I can reasonably postulate ways that it would lead to less complications and ways that it would lead to more complications. Which is why hypothesis testing would be necessary to figure it out. And it is hard to do the right kind of studies to answer the question, since they are generally observational rather than experimental. The home-birth group may self-select on the basis of characteristics other than "low-risk". For example, transfers to a hospital after labour has started at home may average 10 percent in an observational study (i.e. women who chose home-birth). But transfers to a traditional obstetrical unit may average 50 percent if the women are randomly assigned to midwife vs. obstetrician. This suggests that women who choose home-birth are particularly low-risk on the basis of characteristics that are not being taken into account when assigning risk level. Which then makes mortality and morbidity comparisons questionable. If no difference is found, does that actually represent an increase in the mortality and morbidity in the home-birth group since we'd expect that group to have an even lower mortality and morbidity regardless of the place of birth.

Also, on the 'low risk' front. My wife wasn't particularly low risk as we left it relatively late to have children. Indeed, our GP struck us off as he wouldn't support home birth for a first child - regardless of our very supportive mid-wifes. Interestingly there are posters in our local hospital encouraging home births and pointing out that, statistically they are 'as safe' with no mention of the sort of selection you mention (which I agree is probably largely correct by the way).

As I said, to each his own. The idea of giving birth in hospital was complete anathema to my wife but if you're more relaxed in hospital then go for it.

I think the question is whether or not issues of danger are of enough significance to outweigh discomfort (I don't have an answer - components of that valuation are subjective). I have low regard for my own comfort, and (of course) I am comfortable in a hospital atmosphere, so it was a no-brainer for me anyway (four deliveries).

Linda
 
To be honest, warm water is quite helpful early on in labor. The value it has for women later on in the more active stages of labor seems to vary widely.

Agreed from my own experience. I had always planned to get out during transition, and it became ver difficult to move as soon as I was in transition. Laboring on a nice King sized bed was great, I was able to change positions to relieve pain and get gravity working.

To the poster with wife at 35 weeks: I found my natural birth better FOR ME, but I had no complications, and again, I was in a facility that had all the necessary medical equipment, and an ambulance was less than 60 seconds away. The good part for me was getting home that evening, my milk came in within hours (took five days after my induced first birth), and my son was much more alert right away. I don't know how anecdotal and limited my own experience is. I know that second births are the safest and often the shortest. I'm also an endorphine junkie and felt very good about myself for having done it without medication. I felt proud I never lashed out, that I stayed focused and in control. But that's MY thing, not to be imposed on anyone else. That was my reward, it's not for everyone. The options for relief and assistance are there and I would never judge anyone for using them. If anything looked awry I knew I would be transported immediately, and that the birthing center had all manner of life saving equipment on hand.

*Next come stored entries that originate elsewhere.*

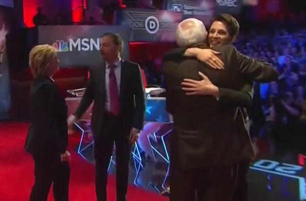 Here’s something you don’t see everyday: MSNBC host and debate moderator Rachel Maddow took to the stage after the debate Thursday night to personally hug the candidates.As is her wont, Maddow used a red herring as an excuse for her hugs, saying that she'd do the same for Republicans if they ever did a debate on MSNBC. But the whole planet knows that with Maddow's well-known uber-Left, pro-gay politics that that will never happen. Bottom line, the hugs were just wrong and unprofessional and Maddow, who most likely wants Hillary to win the Dem nom because she's a woman (but is having a hard time getting past the fact that Sanders is clearly the most 'progressive' of the two), hugged them both because she could live with either one winning the White House...as long as they win. And dammit one of them better win, right Rachel?
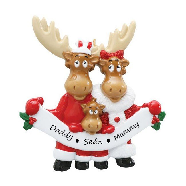 Moose Family 3 Personalised Christmas Ornament
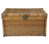 A vintage hand-woven Asian wicker rattan storage chest, 1970s. Ming inspired scalloped brass hardware depicts engraved birds and geometric oriental motif and symbols
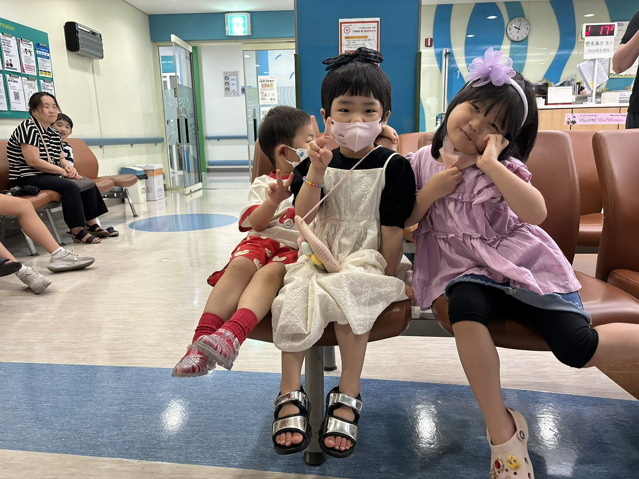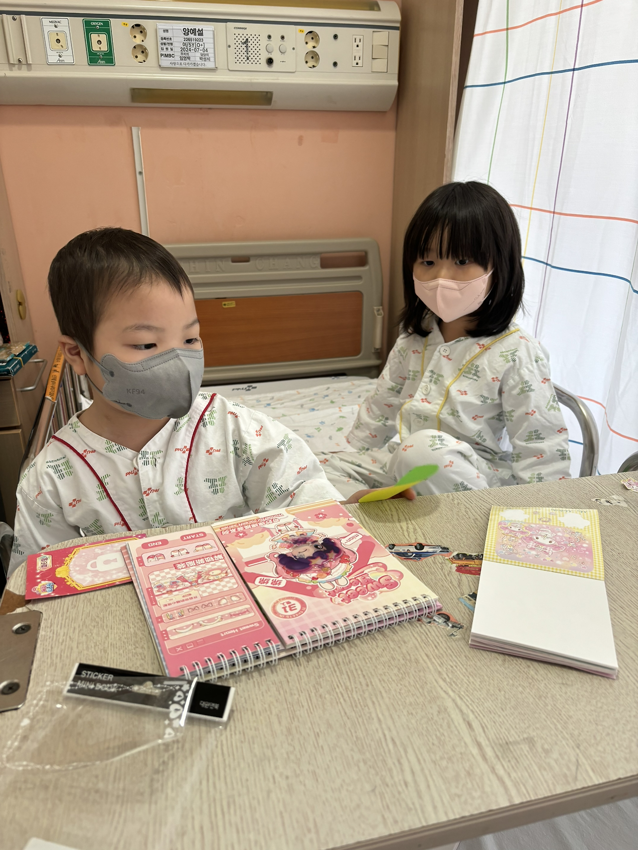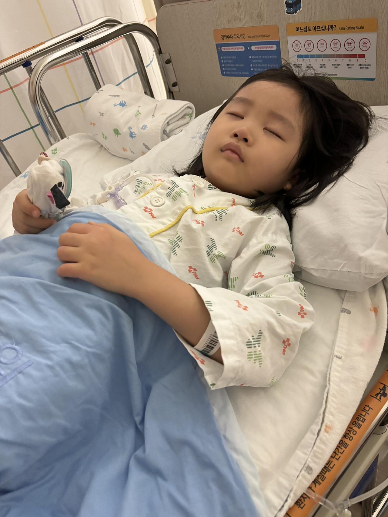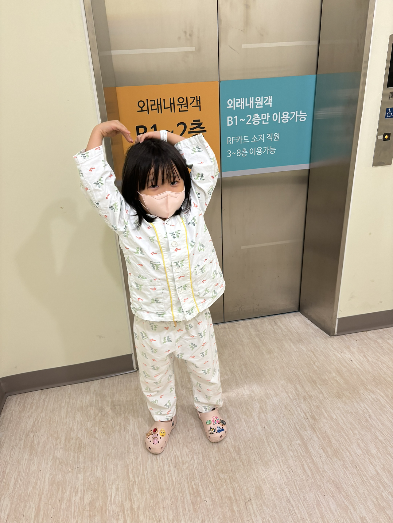 오랜만에 83병동을 오니까 엣날 생각도 나고 그렇네요. 예설이가 그동안 키도 몸무게도 많이 크고 자랐어요. 5세 병원복을 입으니까 예전에는 옷이 컸는데 지금은 작아졌어요. 오늘 케모포트 연결할 때 많이 울었지만 용기내어 치료해주어 너무 기특했어요. 내일 무진이랑 잘퇴원하고, 라윤이도 엉주 치료하고 퇴원할꺼라 믿어요.

Taking unnecessary risks with your life and your babies life, in a time where modern science is a "blessing" to our generation? WHY?
 
And because of your high blood pressure, you would not have been considered low risk and wouldn't have been considered suitable for a home birth anyway.

And it took "medical intervention" with my "natural" state to find that out. How much modern medicine is acceptable in an "unassissted" birth? Everything but the doctor?